Member of Parliament for Nkwanta constituency
- In office 1 October 1969 – 13 January 1972

Personal details
- Born: 2 November 1935 (age 90)
- Party: Progress Party
- Alma mater: Roman Catholic and Local Authority Schools, Kete-Krachi and Teteman-Buem
- Occupation: Politician
- Profession: Teacher

= Robert Kwame Mensah =

Ghanaian politician

Robert Kwame Mensah (born 2 November 1935) is a Ghanaian politician and teacher. He served as member of the first parliament of the second republic of Ghana for Nkwanta constituency in the Volta Region of Ghana.

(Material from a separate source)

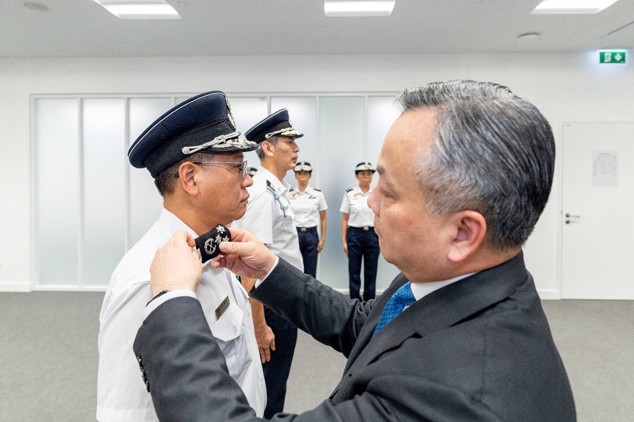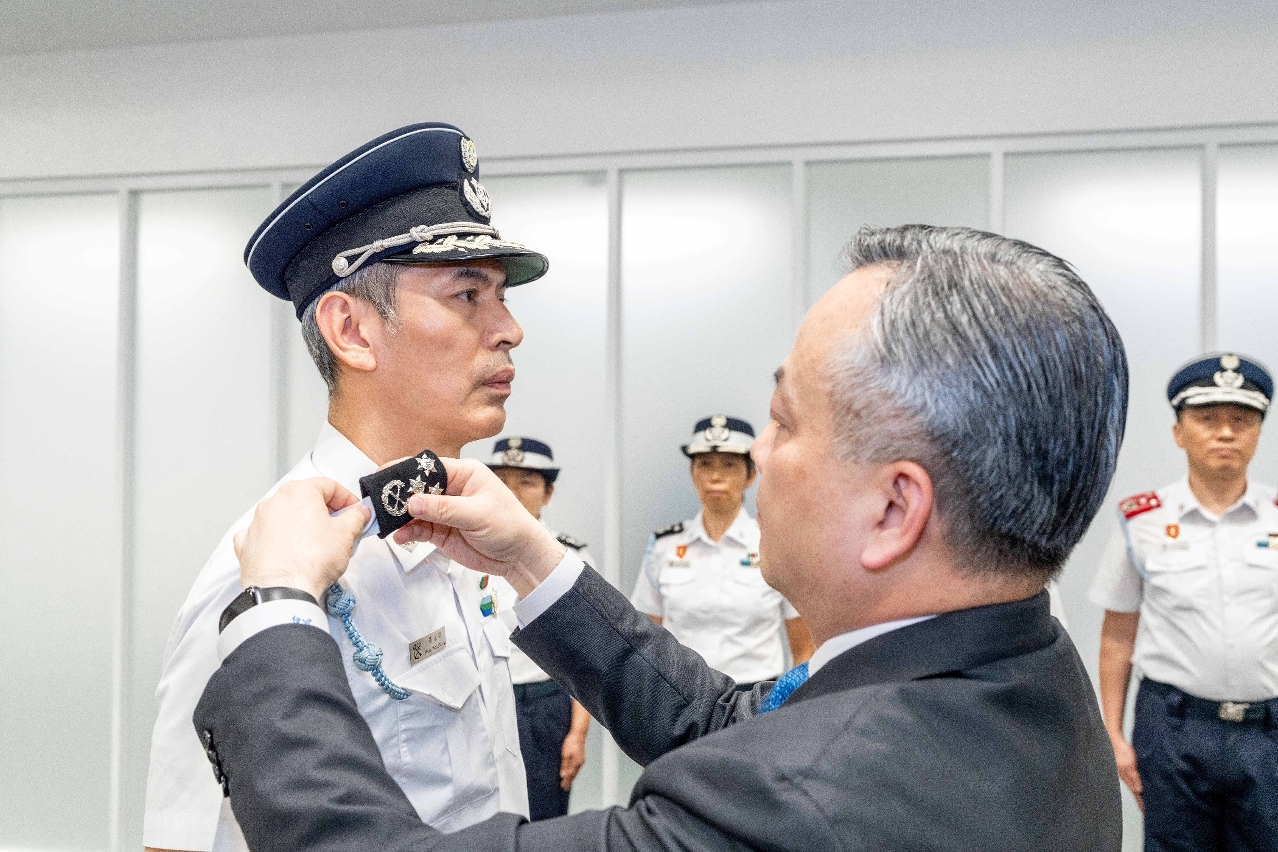 最後,何關長寄望兩名獲晉升的關務官憑藉其專業知識及工作經驗,盡職盡責,帶領團隊無畏挑戰、攻堅克難,切實做好海關範疇的工作,竭誠為市民福祉、社會安定和經濟發展貢獻力量。

== Early life and education ==
Robert Kwame Mensah, an indigene of the Volta Region of Ghana was born on 2 November 1935. He attended Roman Catholic and Local Authority Schools, Kete-Krachi and Teteman-Buem and obtained respectively a Teachers' Training Certificate, G.C.E (General Certificate of Education) "O" and "A" levels.

== Politics ==
Robert Kwame Mensah was elected during the 1969 Ghanaian parliamentary election as member of the first parliament of the second republic of Ghana on the ticket of the Progress Party. He was on seat from 1 October 1969 to 13 January 1972.

== Personal life ==
He is a Catholic.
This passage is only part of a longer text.